Attached is a wireshark packet capture from my PPPoE interface of me trying to ping the other end of the tunnel.
I tried to do a traceroute to a 6to4 address derived from your IPv4 address, just to see if it would give any hints.traceroute to 2002:4126:397b::65.38.57.123 (2002:4126:397b::4126:397b), 30 hops max, 80 byte packets
1 2a01:d0:839a:babe:d33:9af8:143f:b164 0.146 ms 0.136 ms 0.164 ms
2 ::ffff:65.38.57.123 235.054 ms !H * 237.877 ms !H
Quote from: Azendale on October 09, 2012, 10:57:36 PMAttached is a wireshark packet capture from my PPPoE interface of me trying to ping the other end of the tunnel.

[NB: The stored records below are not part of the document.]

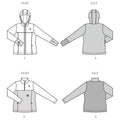 These sporty shirts offer two easy-to-sew patterns. The first shirt features a hood that transitions into a stand-up collar‚ with slim cuffs and thumb holes‚ perfect for windy‚ rainy weather. The second variation provides excellent temperature regulation and freedom of movement in a trendy colour-block design‚ with added seam pockets for extra convenience. A must-have for active wear!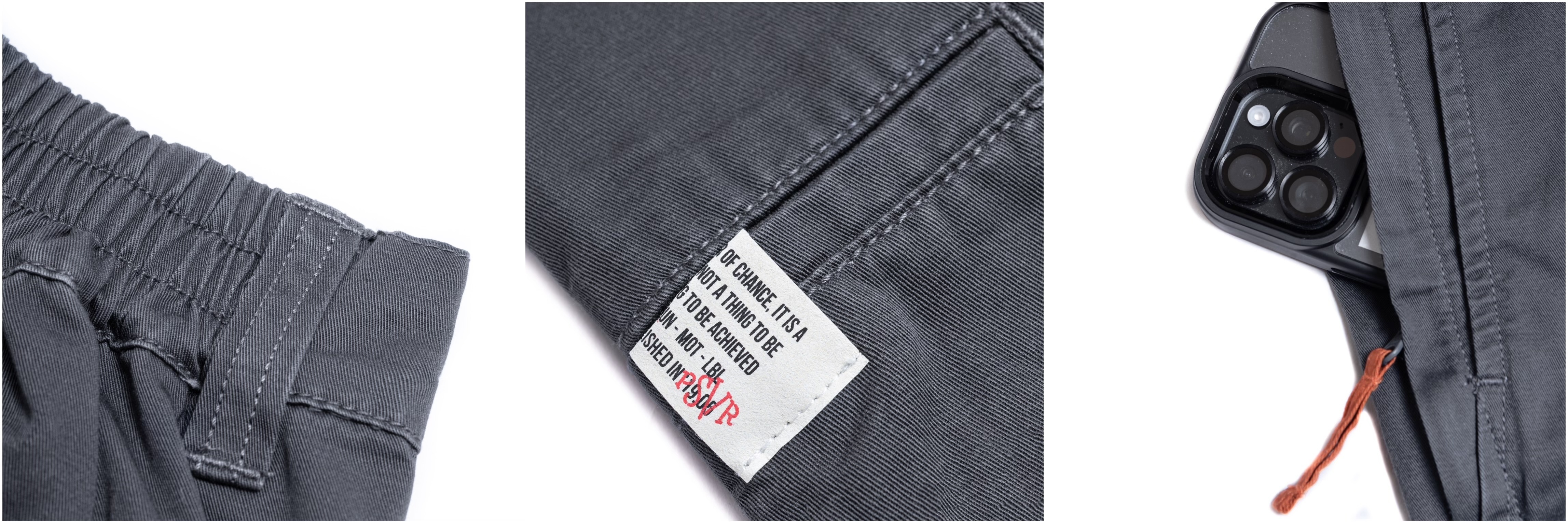 ● 褲側雙手插袋設定,拉鍊袋使用撞色拉繩、搭配褲耳D字環,增加穿著使用的機能性。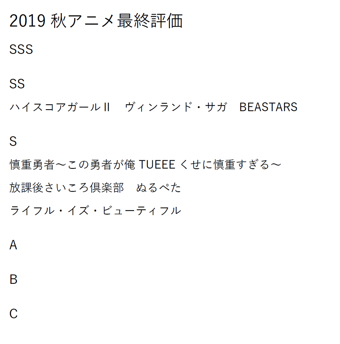 japanimer 秋アニメ 評価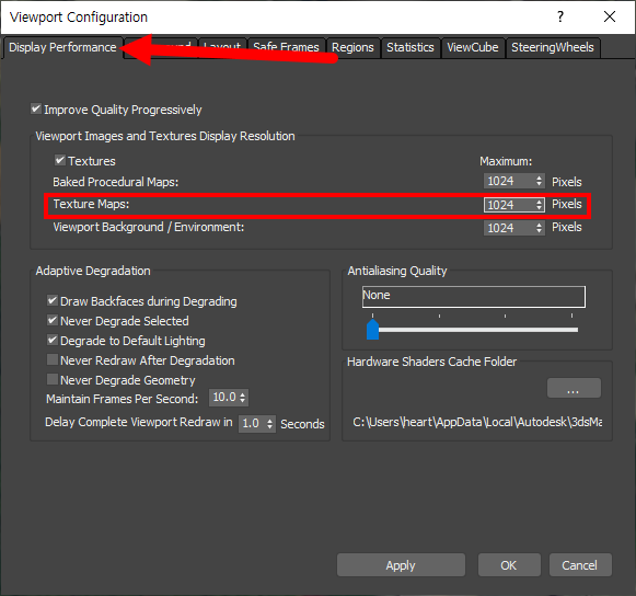 7)display performance 탭에서 texture maps의 해상도를 설정한다. 예에서 1024 pixels로 설정하였다.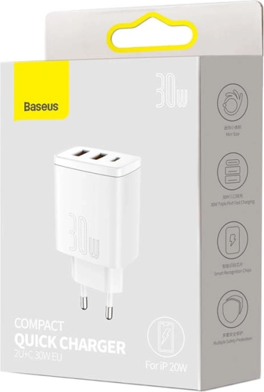 Op zoek naar één lader voor al je apparaten? De Baseus compacte snellader met 30 W vermogen combineert USB‑C en 2× USB‑A, zodat je telefoon, tablet, oordopjes en powerbank eenvoudig tegelijk kunt opladen. De PD 3.0 / QC 3.0-technologie zorgt voor aanzienlijk sneller bijladen, zodat je snel weer verder kunt.

What capture filter did you use? There is only protocol 41 packets in the trace, and I would have expected to see some ICMP packets in there as well.
I used 'not tcp port 27061' as a capture filter, I have a backup program running on 27061 that otherwise would give lots of encrypted traffic. The packet capture is only a few seconds and I tried to minimize other traffic while I was capturing.
I also did one that is a little less careful to avoid being cluttered with other stuff. It is on my ppp0 interface again with the 'not tcp port 27061' filter.
Quote from: Azendale on October 10, 2012, 06:52:18 AMI used 'not tcp port 27061' as a capture filter, I have a backup program running on 27061 that otherwise would give lots of encrypted traffic.
I don't think those TCP packets would have told us anything anyway.
Quote from: Azendale on October 10, 2012, 06:52:18 AMI also did one that is a little less careful to avoid being cluttered with other stuff.
I noticed that your outgoing packets are from two seemingly unrelated prefixes. Do you have both a /64 and a /48?
I tried traceroute to both addresses, but both ended in the same place (which I think is the tunnel server).
The information you have provided so far provides no clues about which direction packets are being dropped. It could be either or both.
Can you try to ping these two addresses, then I can see if the requests reach me.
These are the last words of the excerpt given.